Questions about setting up a new computer

Kyle kyle4jesus at gmail.com
Sun Jul 17 23:30:54 UTC 2016


The only problem with SSD is the limited life span of flash storage. 
SSD's can be read infinitely, but may only be written a relatively small 
number of times, making them very fast, but prone to failure. The best 
ways I have found to prolong the life of any flash storage is to disable 
filesystem journaling, which brings with it serious data corruption 
problems in case of a power failure, and to minimize log writes, for 
example by setting the log storage to volatile in 
/etc/systemd/journald.conf, which does indeed minimize writes, but will 
not allow reading a log after a reboot if you need to determine why 
something failed that forced a reboot or caused the kernel to freeze or 
reboot the system. Also, never under any circumstances create a 
permanent swap partition on SSD media, and use swapfiles only in cases 
where you are compiling something extremely large, which will not 
compile entirely in RAM, or if for any other reason you need a swapfile 
for a very very short time, which you will then disable and delete once 
it is no longer needed. With 8GB of RAM, you will likely not need to 
worry about this at all, but then just don't create any swapspace unless 
you find your OOM killer working overtime due to a running process that 
you will only need for a short time. Keep in mind that every write to 
your disk, especially to the same file, will shorten the life of your 
SSD, even if the internal wear leveling is very good. It's like rubbing 
the eraser on a sheet of paper over and over. Eventually you will start 
wearing holes in the paper, even if you are careful not to rub the same 
spot every time.

That said, I have had the same eMMC chip in both an Odroid XU4 and an 
Odroid C2 over the course of about 5 months, and I see no signs of wear 
thus far, so it's possible that in many cases, the usable life of flash 
storage has indeed improved enough to the point where minimizing writes 
to an SSD may cause it to perform much better for a much longer amount 
of time.

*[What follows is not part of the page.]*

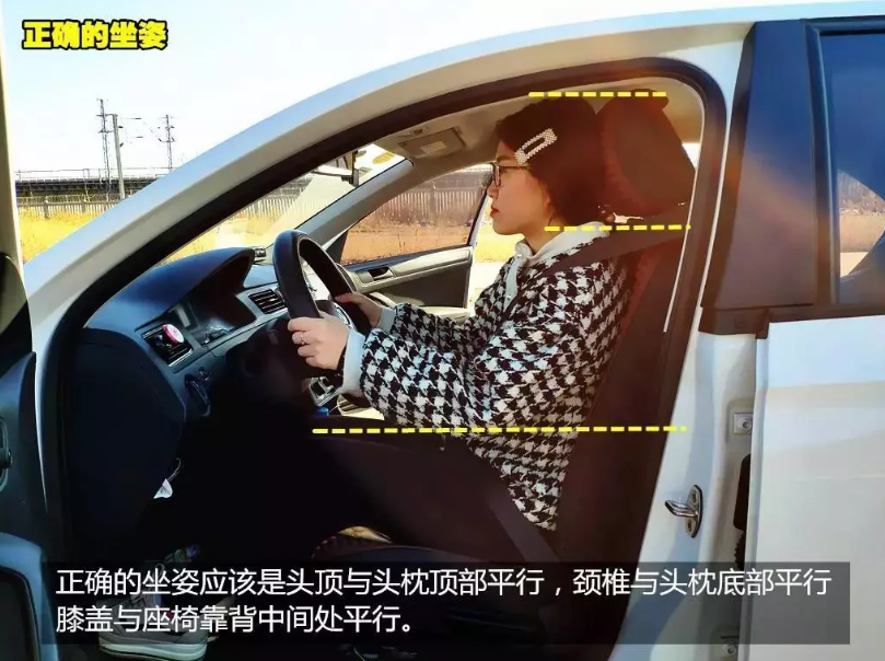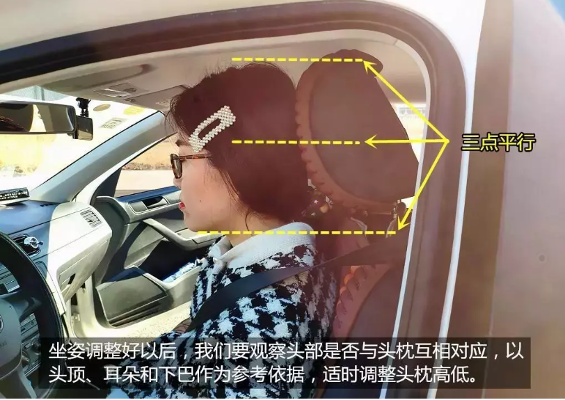 首先我们进入车内以后要以正确的坐姿为第一步,之后我们就要观察头部、颈椎、背部与座椅头枕的相对位置是否平行。

Still, there is usually no sign of actual wear on any flash 
media until it is too late, and the filesystem is rendered read-only, so 
be very careful when using flash of any kind for your root filesystem. 
Even now, it would seem best to use flash to store things that will be 
written a very small number of times and read millions of times, mainly 
to make backups and store things like music, movies and documents that 
change little, and use a magnetic hard disk to do the write intensive 
stuff, such as swap, logs, databases, journaled filesystems, etc.